1. => screening alone: For all actively managed listed equities (in funds & mandates) we systematicly exclude controversial weapons
2. => screening alone & integration strategy: For all actively managed equity funds we systematicly exclude controversial weapons and integrate ESG-Data (such as general ESG-Scores, Carbon Footprint, Reputational Risks or Governence Issues and so on)
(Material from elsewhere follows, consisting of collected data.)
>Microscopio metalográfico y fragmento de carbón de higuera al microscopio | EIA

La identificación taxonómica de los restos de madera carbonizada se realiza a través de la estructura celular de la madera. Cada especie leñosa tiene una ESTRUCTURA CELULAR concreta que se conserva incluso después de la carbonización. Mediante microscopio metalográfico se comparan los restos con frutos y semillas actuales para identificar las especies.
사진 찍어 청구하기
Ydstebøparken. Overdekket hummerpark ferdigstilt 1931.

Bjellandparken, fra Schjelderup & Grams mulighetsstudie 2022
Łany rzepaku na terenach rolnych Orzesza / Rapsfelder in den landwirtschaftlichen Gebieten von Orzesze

3. => All three strategies combined: For all sustainable products: In order to define the range of sustainable products, the analysts apply a selection of very stringent exclusion criteria. The application of the exclusion criteria is followed by a sector analysis: The aim is to extract those companies in their respective industries and regions that set an example by excelling at taking responsible actions in terms of environmental protection, social and governance issues. The sector analysis is followed by a fundamental stock analysis with a strong focus on companies with a high sustainability impact.
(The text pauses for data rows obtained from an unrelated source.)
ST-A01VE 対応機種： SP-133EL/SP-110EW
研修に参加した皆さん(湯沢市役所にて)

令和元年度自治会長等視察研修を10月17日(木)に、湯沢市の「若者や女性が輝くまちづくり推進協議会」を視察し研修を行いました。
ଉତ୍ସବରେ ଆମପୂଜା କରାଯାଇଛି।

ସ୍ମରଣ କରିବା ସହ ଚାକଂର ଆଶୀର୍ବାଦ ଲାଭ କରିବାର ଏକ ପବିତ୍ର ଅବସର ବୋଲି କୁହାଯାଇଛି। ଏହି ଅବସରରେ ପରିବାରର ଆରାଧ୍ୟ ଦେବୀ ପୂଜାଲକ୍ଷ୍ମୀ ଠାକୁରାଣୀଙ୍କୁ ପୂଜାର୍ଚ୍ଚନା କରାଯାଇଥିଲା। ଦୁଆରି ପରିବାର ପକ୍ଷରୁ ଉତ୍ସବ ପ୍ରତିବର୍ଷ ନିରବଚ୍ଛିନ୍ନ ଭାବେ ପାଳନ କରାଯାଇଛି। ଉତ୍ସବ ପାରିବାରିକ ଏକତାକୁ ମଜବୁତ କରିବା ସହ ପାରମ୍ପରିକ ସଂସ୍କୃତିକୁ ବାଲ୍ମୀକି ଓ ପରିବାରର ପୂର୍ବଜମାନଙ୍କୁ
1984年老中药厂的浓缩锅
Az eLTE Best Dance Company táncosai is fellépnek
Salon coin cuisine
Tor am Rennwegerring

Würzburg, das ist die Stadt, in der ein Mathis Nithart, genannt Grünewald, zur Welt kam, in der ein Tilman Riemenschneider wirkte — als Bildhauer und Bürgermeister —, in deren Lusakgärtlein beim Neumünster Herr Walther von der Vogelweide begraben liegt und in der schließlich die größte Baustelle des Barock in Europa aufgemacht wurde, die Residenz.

Details combination of ESG incorporation strategies:
2. For all actively managed equity products
First goal: We want to avoid investing in companies which have an unfavourable risk-return-profile, due to material ESG risks not yet (well) reflected in the valuation. We strive to identify potential risks to shareholders which could disrupt the share price.
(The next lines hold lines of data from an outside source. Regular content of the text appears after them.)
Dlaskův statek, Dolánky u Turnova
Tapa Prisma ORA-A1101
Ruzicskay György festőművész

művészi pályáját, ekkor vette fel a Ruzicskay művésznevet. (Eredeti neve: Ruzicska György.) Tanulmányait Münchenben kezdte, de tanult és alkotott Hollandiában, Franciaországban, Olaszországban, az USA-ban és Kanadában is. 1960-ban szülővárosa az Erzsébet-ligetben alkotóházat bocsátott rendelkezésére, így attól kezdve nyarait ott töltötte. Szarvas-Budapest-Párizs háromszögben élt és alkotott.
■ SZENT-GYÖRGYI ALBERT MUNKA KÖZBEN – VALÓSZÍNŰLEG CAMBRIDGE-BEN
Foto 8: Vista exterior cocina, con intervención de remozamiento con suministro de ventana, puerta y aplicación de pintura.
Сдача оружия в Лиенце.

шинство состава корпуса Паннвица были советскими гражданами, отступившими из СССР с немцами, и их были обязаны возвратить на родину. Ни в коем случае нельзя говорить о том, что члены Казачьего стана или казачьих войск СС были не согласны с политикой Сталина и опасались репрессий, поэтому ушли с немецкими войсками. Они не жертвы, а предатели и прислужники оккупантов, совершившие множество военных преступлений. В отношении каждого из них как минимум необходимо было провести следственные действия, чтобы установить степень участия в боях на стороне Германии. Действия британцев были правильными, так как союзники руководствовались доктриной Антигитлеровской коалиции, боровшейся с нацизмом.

How? The in-house ESG research team provides a database and a template which allows PM/Analysts to calculate the ESG indicator (ESG-I) for each company of the MSCI AC World Index and displays it graphically. The ESG indicator and its sub-scores in the environmental, social and governance field are ranked on a scale from one to ten and illustrated by colours from green (i.e. good) to red (i.e. bad). The scores rank a company within its global peer group industry (GICS level 3). When addressing the ESG issues, PM/Analysts are required to discuss the potential impact on valuation with the different ESG analysts to better understand whether the ESG issues are sufficiently reflected in the share price. These ESG issues are mostly sector relevant and should be addressed during an interaction with company and/or broker/analyst.
Second goal: We want to improve our understanding of the key economic drivers of each industry by addressing the key ESG challenges per industry.
How? Every analyst/PM gets an input based on industry specific ESG criteria in order to be able to define the relevant and material industry drivers. For successful investing it is imperative to understand the key economic drivers of each industry. In order to understand them, it is crucial to know if an industry is faced with severe ESG challenges (risk view). Within the quality assessment of the companies IAEN will provide for every industry the most material ESG criteria (so-called ESG KPI’s). The KPI’s are highlighted on the ESG template along with the connected material ESG questions which should be used when engaging with companies. The ESG KPI’s are presented and updated (if necessary) to the analysts/PM’s within the framework of the industry review meetings taking place regularly.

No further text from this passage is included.